As with the C minor opening work, so with the Ghost: much interest fell on Ward because Selby and Valve are known quantities across its pages.   The opening Allegro vivace was notable for a firm volubility, packed with hold-and-release tension.   You could relish smaller matters apart from the power-packed urgency across the movement, like Selby’s poised, pianissimo arpeggios across bars 67 to 69 and the flaming power urging us across the development section, particularly the fugue-suggestive stretch from bar 124 to bar 144.   A pity that the group avoided repeating the development/recapitulation but it’s pretty long – about 180 bars, which makes a very demanding ask for any ensemble.

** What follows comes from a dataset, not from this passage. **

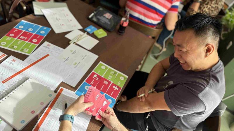Organise: Teams are given a variety of Object, Tech, and Data cards to inspire innovative thinking.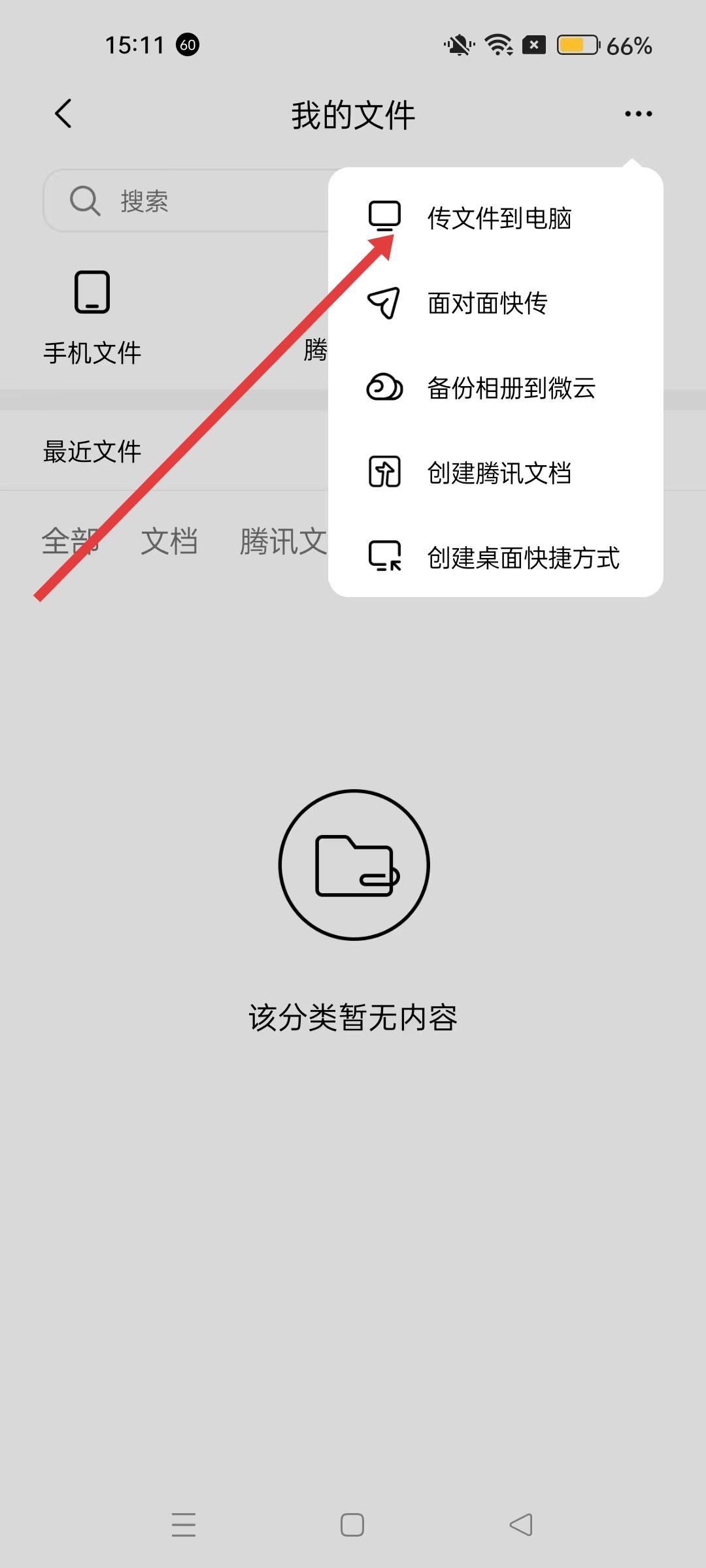 3、我的文件頁(yè)面點(diǎn)擊右上角三點(diǎn)按鈕,彈出功能菜單,可選擇傳文件到電腦、面對(duì)面快傳等操作。

These performers made a suspenseful narrative of the spectral Largo, all the detail work intact and with no shrinking away from the composer’s deliberate roughness or emotional aggression.   Both strings confronted their lines’ stark statements and passages of vulnerability, as in the central passage where Selby is committed to endless hemi-demi-semiquavers until her break-out in bar 76 while the violin and cello commune in an interleaving duet that becomes increasingly fraught, before drawing back from the brink through a rapid diminuendo.

Finally, the happy Presto that dismisses all preceding gloom was appropriately jubilant, Ward revealing a challenging and steely timbre in the rising subject that starts in bar 35, then mimicking Valve’s punchy attack right up to the fermata at bar 87.  A momentary uneasiness arose after the piano’s solo at bar 109 where the strings seemed to be taken by surprise, compensated for by an infectious exuberance at the vehement main theme return at bar 211.   And one splendid surprise came out in the stretch from bar 388 to bar 397 where you were hard pressed to tell cello from violin because of their masterful inter-meshing.

Here was a top-notch recital in which the two senior players were traversing ground that they knew very well.    Ward is already an accomplished chamber musician, conscientious and conscious of his place and responsibilities in Beethoven’s three grand schemes.   And he is right on the note all the time – which is something I can’t say about all other young(ish) violinists.

What a difference it makes to hear a group operating on such a high level of insight and generating readings of sustained polish.    Over the pandemic months so far, we’ve been treated to a good many recitals from the Melbourne Digital Concert Hall, the Melbourne and Queensland Symphony Orchestras’ websites, the Queensland Music Festival and some other odd men out.    Many of them have shown professionals at work, sometimes on very difficult work; other programs have opted to entertain with fripperies or a plethora of small-frame pieces.   Selby & Friends is maintaining its high aspirations, showing us all how it should be done: a welcome and reassuring presence in unhappy times.